- Active: November 19, 1863 - January 10, 1866
- Country: United States
- Allegiance: Union
- Branch: Infantry
- Engagements: Battle of Nashville

= 13th United States Colored Infantry Regiment =

The 13th United States Colored Infantry was an infantry regiment that served in the Union Army during the American Civil War. The regiment was composed of African American enlisted men commanded by white officers and was authorized by the Bureau of Colored Troops which was created by the United States War Department on May 22, 1863.

==Service==
The 13th U.S. Colored Infantry was organized in Nashville, Tennessee November 19, 1863 and mustered in for three-year service under the command of Colonel John A. Hottenstein.

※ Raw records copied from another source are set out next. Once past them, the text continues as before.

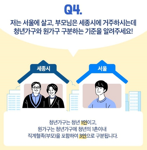 Q4. 저는 서울에 살고, 부모님은 세종시에 거주하시는데 청년 가구와 원가구 구분하는 기준을 알려주세요!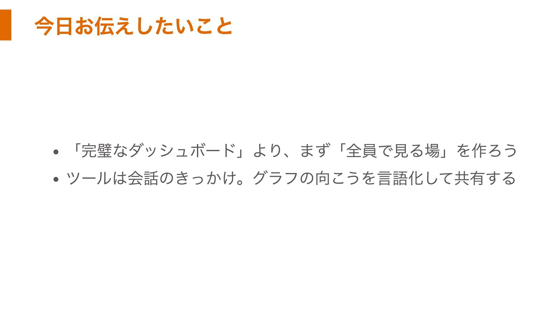 今日お伝えしたいこと 「完璧なダッシュボード」より、まず「全員で見る場」を作ろう ツールは会話のきっかけ。グラフの向こうを言語化して共有する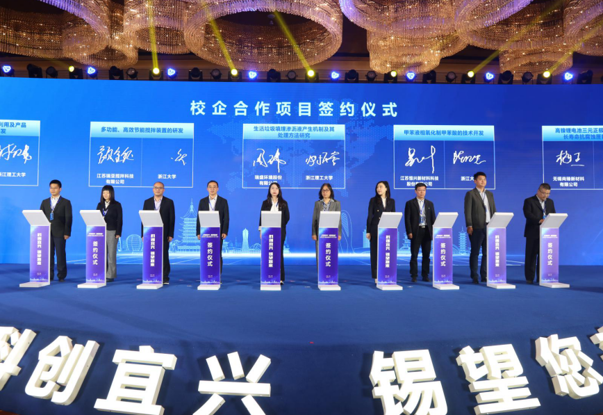 本次活動宜興、杭州兩地政校企三方深化互信、攜手共進取得重要成果。活動中,入孵企業(yè)尚臻新材料與浙江大學(xué)王家邦教授合作的“高鎳鋰電池三元正極材料燒結(jié)用長壽命抗腐蝕匣缽項目”登臺進行簽約展示。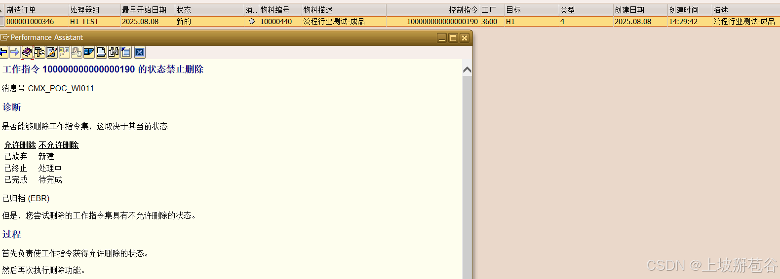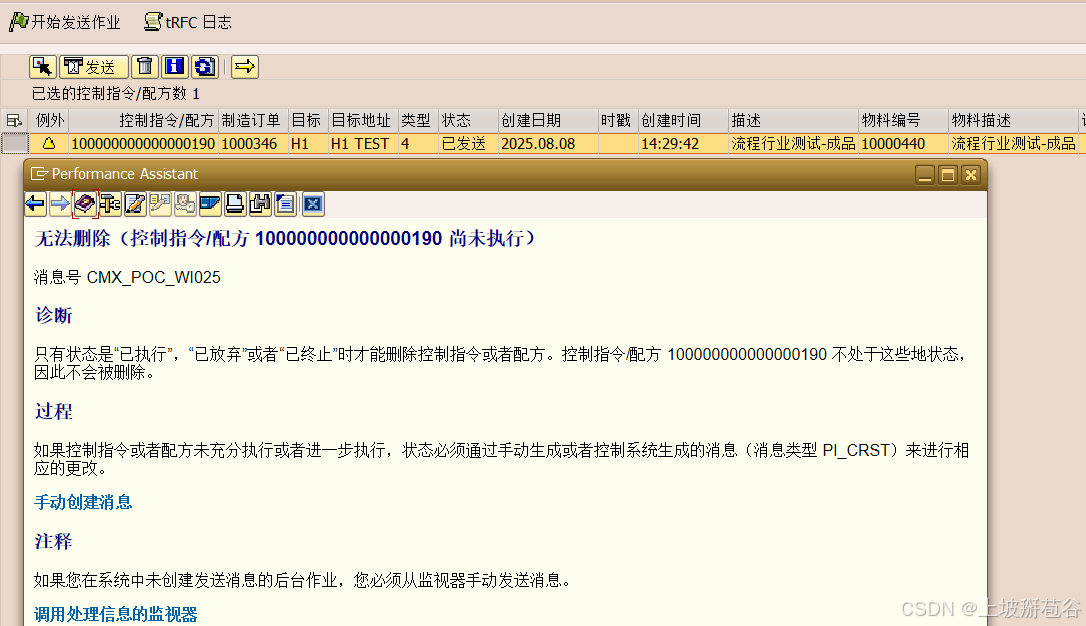 订单生成控制配方后,在控制配方监视器(CO53XT)是无法直接删除的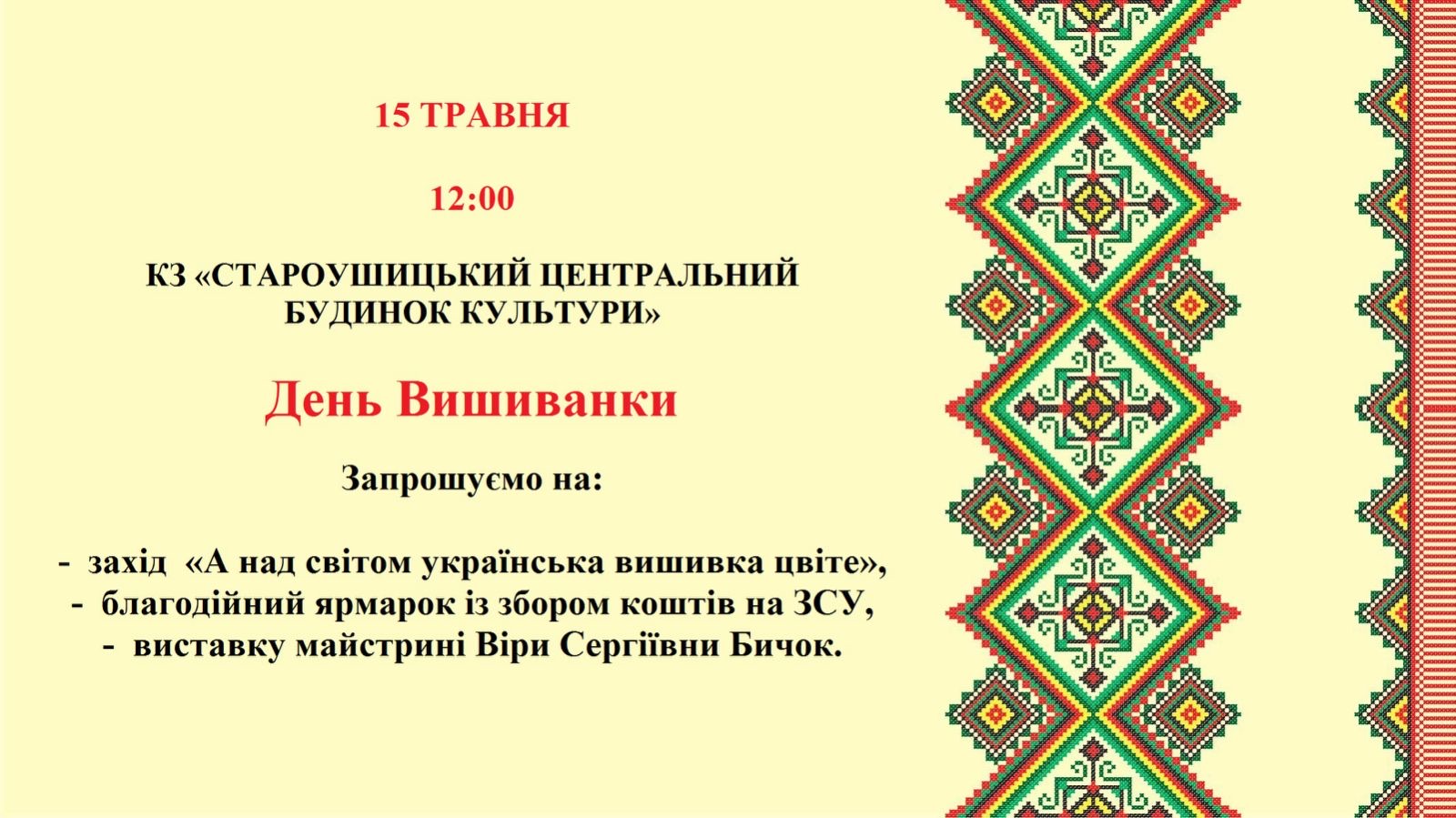 Шановні мешканці та гості Старої Ушиці! Маємо чудову новину! 15 травня о 12:00 біля Центрального будинку культури відбудеться святковий захід, присвячений Дню Вишиванки. Запрошуємо вас на феєричне дійство під назвою «А над світом українська вишивка цвіте»!

The regiment was attached to Defenses Nashville & Northwestern Railroad, Department of the Cumberland, to November 1864. 2nd Colored Brigade, District of the Etowah, Department of the Cumberland, to January 1865. Defenses Nashville & Northwestern Railroad, District Middle Tennessee, Department of the Cumberland, to May 1865. 3rd Sub-District, District Middle Tennessee, Department of the Cumberland, to January 1866.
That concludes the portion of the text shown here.